Regarding the question, it is interesting that this was announced at the Cloud conference. With the platform’s focus on data scientists, this seems like a strong complement to Google’s growing cloud business. I wonder if this would be of any interest to some of the older enterprise clients that are starting use Google’s cloud services. I doubht it would be a huge money-maker, but it makes for an interesting bolt-on. I also like the recruiting argument that you make.
Regarding the comment about Professor Lakhani’s work, I think that this is a wide open space that has yet to be fully explored: the power of leveraging crowds to solve otherwise private, corporate problems. There is a private/public challenge to this, as well as a “matching” problem related with marrying “problems” with the right “sort” of talent.
Very insightful post! In a vein similar to Maren, I am curious as to IP rights and whether users will be able to claw back value from their contributions to any given initiative (pro bono or for profit) should it be successful in the future by demonstrating clear evidence of their contribution. My hope is that this platform democratizes data science for early stage ventures both by making the hiring of developers and data scientists more meritocratic (as you detail) and by allowing early-stage companies to crowd-source solutions to MVPs and data interpretation rather than hiring a less-than-‘full stack’ data scientist or developer.
Great post, Walter! Kaggle sounds like a great platform for beginners to gain exposure and enhance their skills while also offering smaller start-ups the ability to access a broader set of knowledge workers. This made me think a lot about the ZBJ case as well. Maren’s point regarding the IP rights and the potential secondary side-effect of data scientists self-selecting out of the system or not excepting a winner’s prize because they do not want to relinquish their IP rights. I’d also be curious to see how long the average participant remains involved with the site and if any of the submissions have led to longer-term service agreements or formal job offerings.
Great post! I’ve used Kaggle in the past to find datasets to use for online programming courses, but had no idea they were acquired by Google two years ago. This seems like a natural fit and good brand extension for Google. I wonder if they will more tightly integrate the platform with their other services in the future or if they just plan to use it for their “brand” and maintain it as a separate entity? Most press releases seem to suggest the later.

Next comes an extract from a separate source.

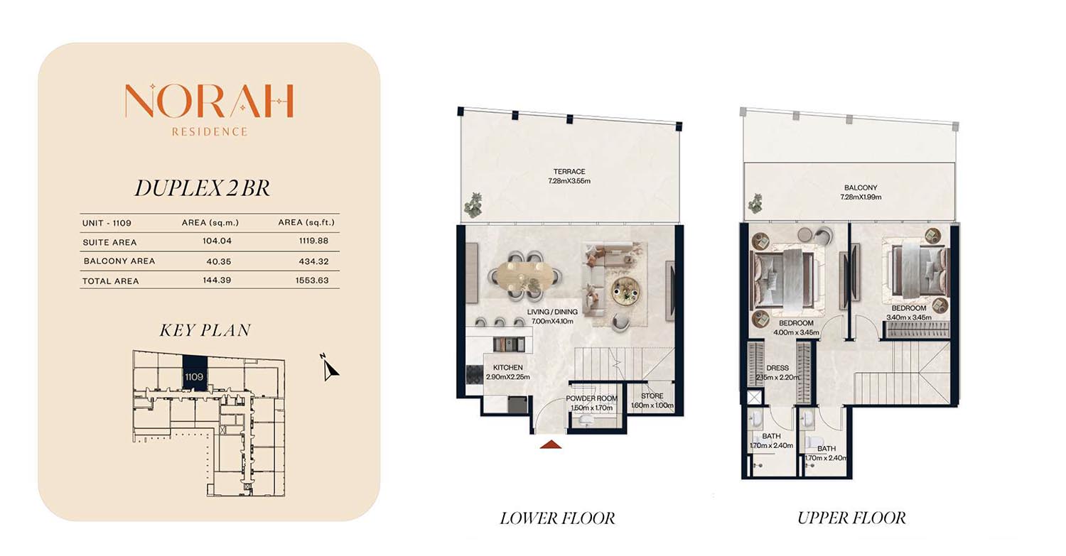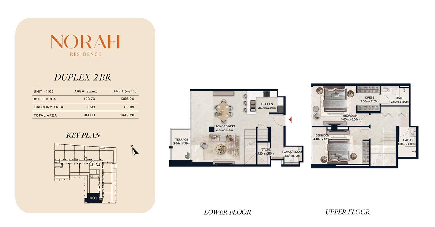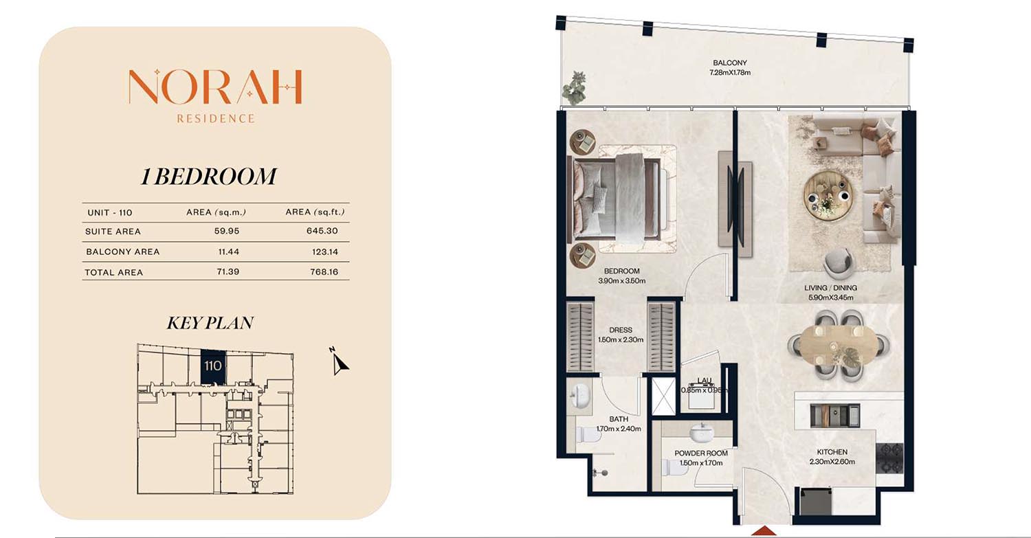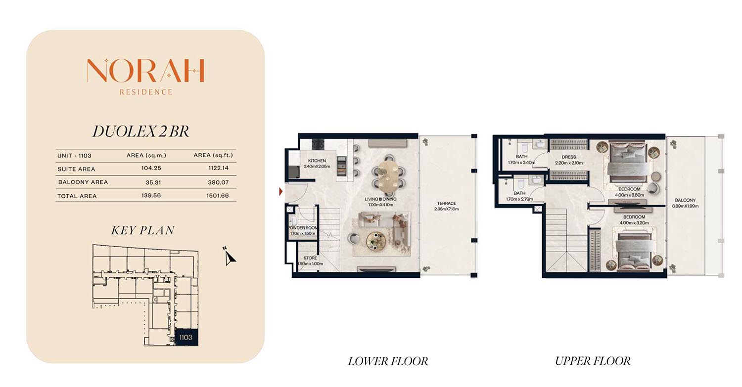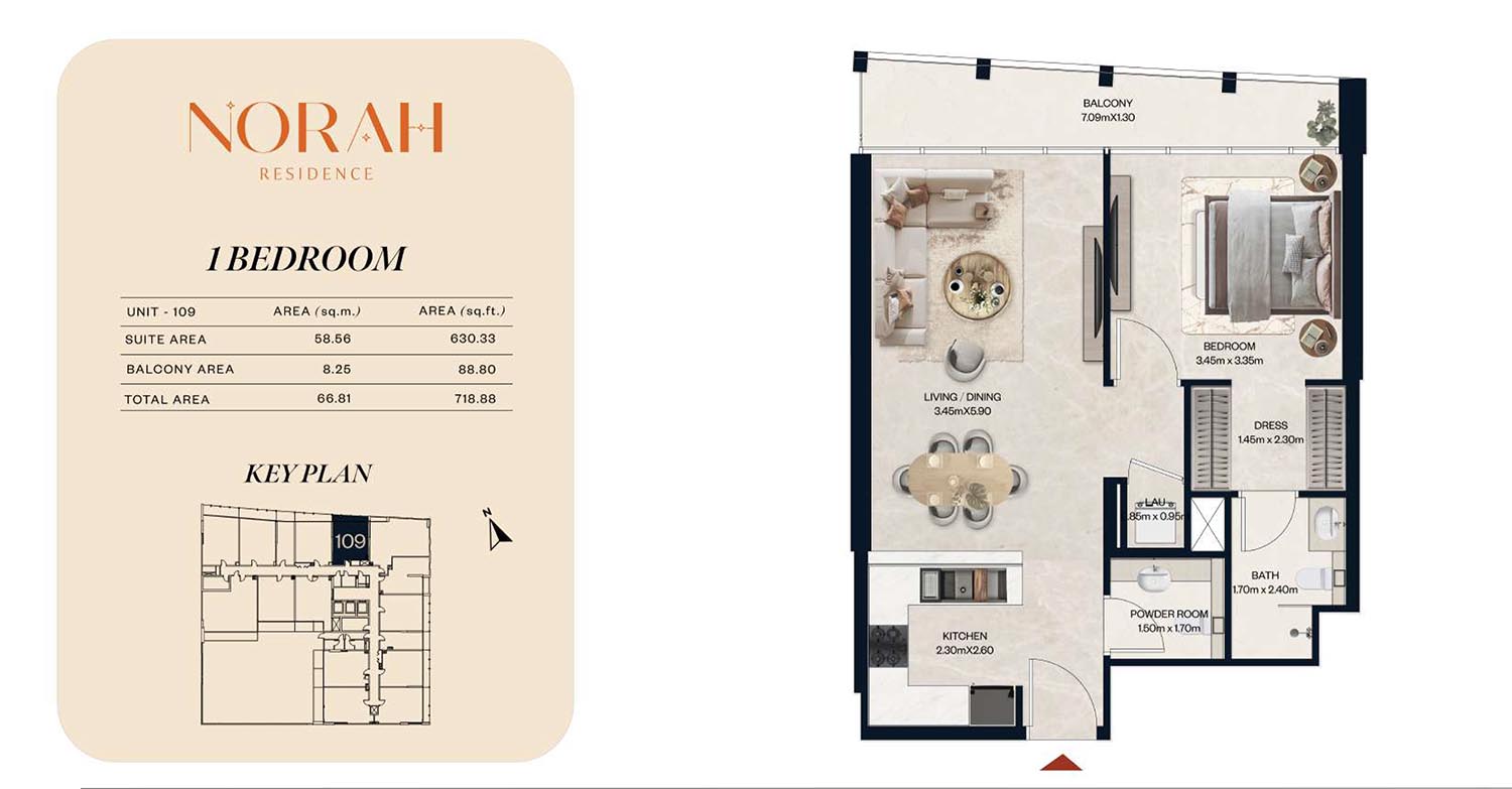 Catered to the futuristic & modern lifestyle, the Norah Residence is a 16-storey building with floor plans of studios, 1, 2, & 3-bedroom apartments & duplexes. From a diverse collection of unique styles, all the 183 residences have been planned to offer comfortable and dynamic open spaces. Each unit boasts smooth finishes, elegant and neutral tones, smart appliances, and furnished living areas and bedrooms with bright ambience and panoramic vistas of the cityscape and lush setting.

Either way, this seems like a great addition to the Google portfolio and should help with their recruiting efforts and attempts to make sure they maintain their label as a leader in the data science community.
Love this post! I used Kaggle in the past as well to find dataset for a data visualization assignment. It’s always interesting to see a platform that promotes growth by crowdsourcing the skills, as well as make it competitive. I wonder if Google acquired this platform for the interest of looking at the data science trends in other industries, expanding their horizontal view.
In spite of the differences between Kaggle and typical data science, Kaggle competition can at present be an extraordinary learning instrument for beginners. They have Kaggle competitions, yet in the course of the competition you should utilize some different data sets and you may glance through Kaggle data sets.
I love this post! I wonder if Google acquired this platform for the interest of looking at the data science trends in other industries, expanding their horizontal view.